Since retiring from private practice, I have taught international taxation for almost a decade as a member of academia. That role has supplemented my extensive practical knowledge of how our income tax laws work with a broader policy focus that takes into account a number of areas. These include the integrity of our country's tax base, competition and fairness, simplification, motivation to shift jobs and activities offshore, etc. In addition, I recognize how different taxation systems can encourage or discourage the profit-shifting behavior that has been such a major part of MNC tax planning over the past several decades . . . and about which we now see articles in the press almost daily.
Executive Summary
I define a WFI System as a taxation system under which all foreign earnings would be subject to the federal corporate income tax as they are earned. As such, there would be current U.S. taxation of MNC profits earned not only within U.S. group members, but also profits earned by group members established under foreign law. A foreign tax credit mechanism would prevent double taxation.
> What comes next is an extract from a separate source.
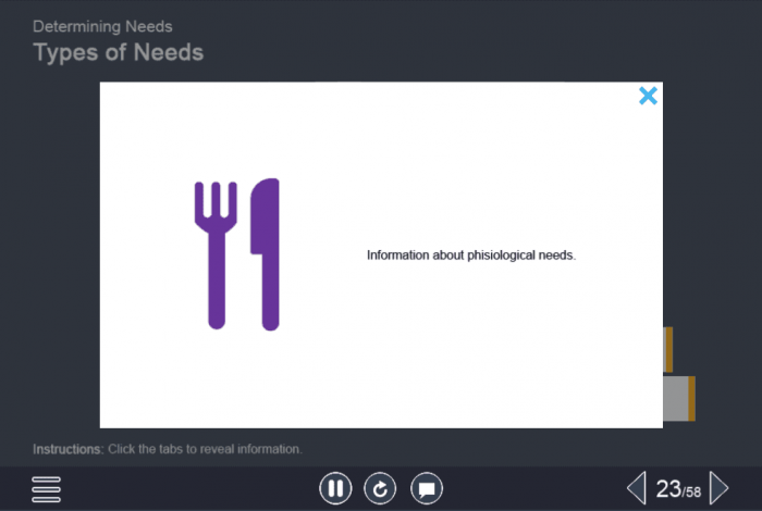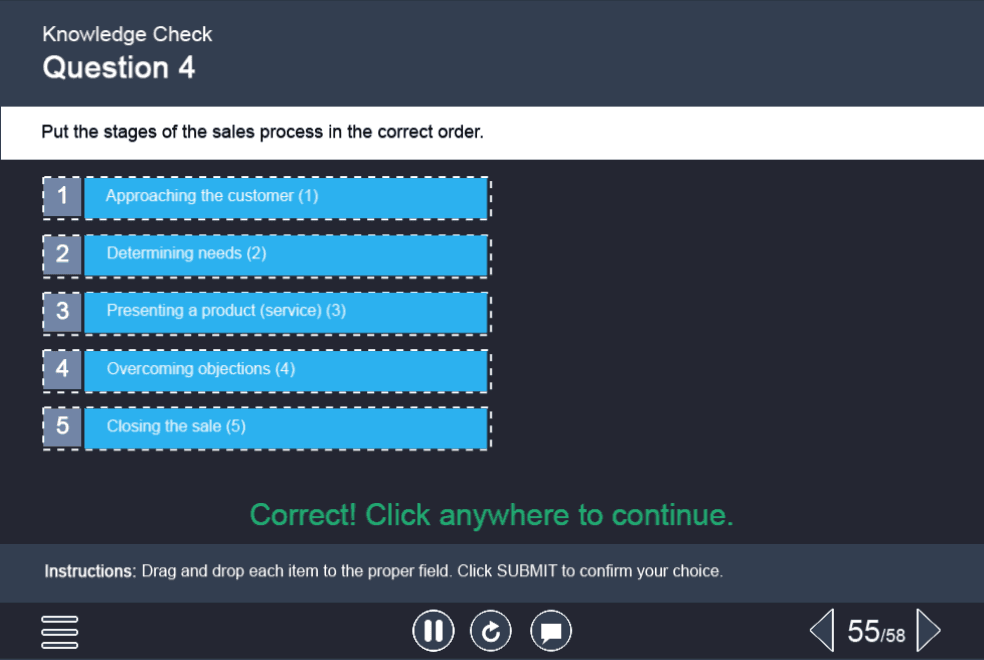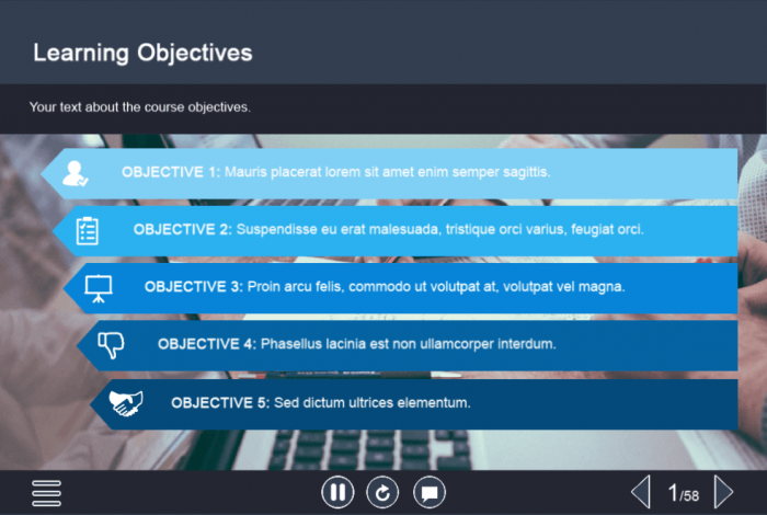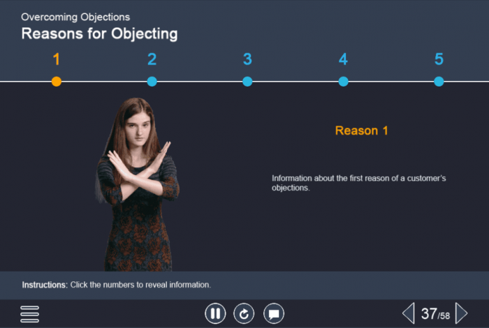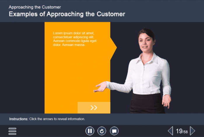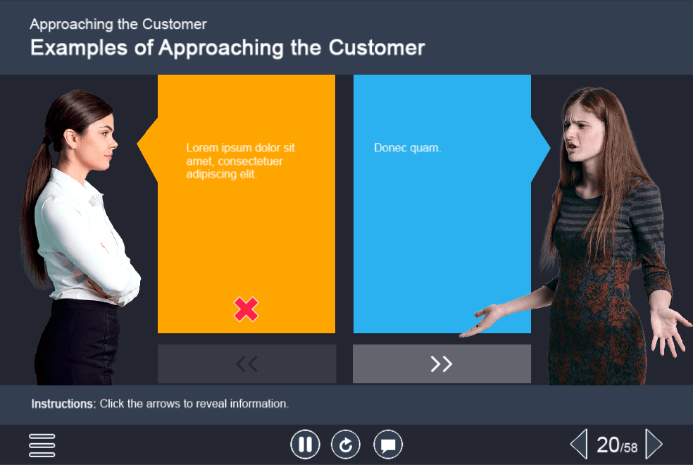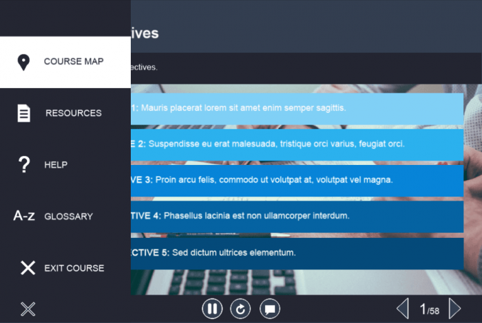 - Features: custom course map, custom navigation, custom voice/animation control, various versions of interactive slides, integrated cutout characters, closed captions, audio player, video player, single and multiple choice quizzes, attached documents, drop-down lists
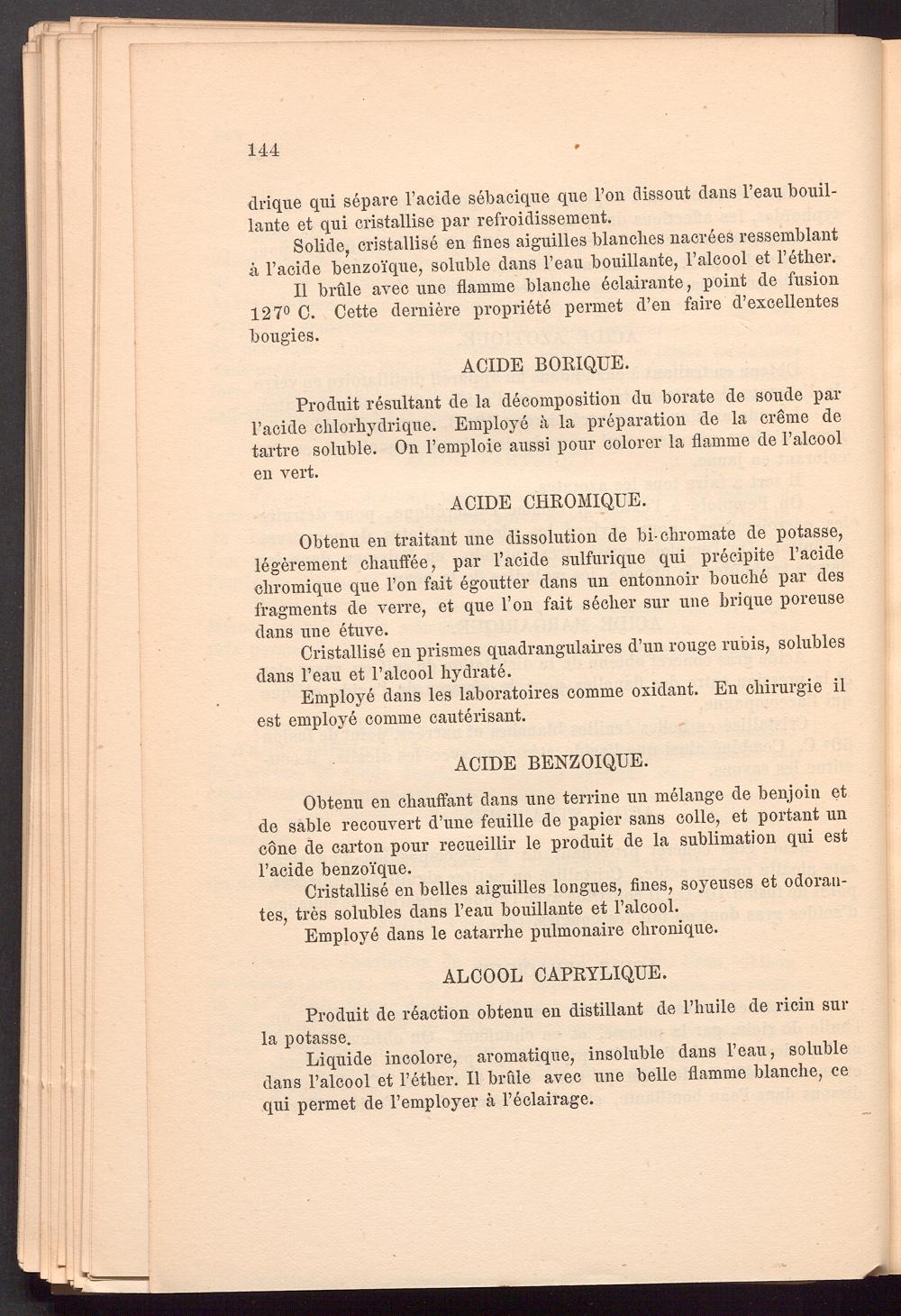 Obtenu en chauffant dans une terrine un melange de benjoin et de sable recouvert d’une feuille de papier sans colle, et portant un cone de carton pour recueillir le produit de la sublimation qui est l’acide benzoi’que.

The chart on page 5 contrasts what would be achieved under the Territorial and WFI Systems. It is crystal clear on an overall basis that a WFI System will give America a better international taxation system. And it will actually broaden the tax base so that we can lower the current high corporate tax rate, something that both parties desire.
The single item that favors a Territorial System is competitiveness of U.S.-based MNCs versus their foreign-based counterparts. Aside from this single item, the WFI System uniformly provides significantly better societal and tax policy results for all listed issues.
Considering this single item, it is very understandable that the rallying cry of our MNCs lobbying for the U.S. to follow other developed countries that have adopted a Territorial System has been this competitiveness issue. Our MNCs demand a level playing field.
Is this a real issue, or is it just a red herring used to take attention away from the fact that a Territorial System would significantly reduce our country's corporate tax base by inappropriately benefiting one class of taxpayer over all others?
As is covered later in this letter, there will of course be specific situations where a U.S.-based MNC may be taxed more heavily than its foreign competitor. However, the relative competitiveness of these competitors in any particular situation will depend on a number of factors. These factors importantly include the nature of the business, the legal organization and structuring of each competitor, and the foreign competitor's home country and its controlled foreign corporation (CFC) rules. In some cases, a U.S.-based MNC could even be at a competitive advantage to one or more of its foreign competitors.
In summary, this one single item, while generally favoring a Territorial System over a WFI System, is not as clear-cut as our MNCs and their lobbyists would have us believe.
Now to a particularly important "competitiveness" point. In actuality, there are two categories of competition. One is the above-mentioned U.S. versus foreign competition that our MNCs have complained so much about and which I am suggesting may be a red herring to some extent. The other category is the relative competitive position between U.S.-based MNCs and U.S. corporations that operate solely within the U.S.
Under our present Deferral System, there are several very well-known, but not well-publicized, competitive advantages that U.S.-based MNCs have over pure domestic corporations. As just one simple example, an MNC can choose to manufacture in another country such as Singapore where there is a much lower tax rate, and maybe even a full tax holiday. On the other hand, a pure domestic corporation will manufacture in the U.S. and be subject currently to both the 35% federal tax and applicable state and local taxes.
We have to consider both types of "competition", not just the U.S. versus foreign category. And frankly, this writer believes that the second type, fairness and a level playing field between U.S.-based MNCs and pure domestic U.S. corporations that operate solely within the U.S., is the more important tax policy matter to "get right". The WFI System accomplishes this. The Territorial System worsens the MNC's advantage.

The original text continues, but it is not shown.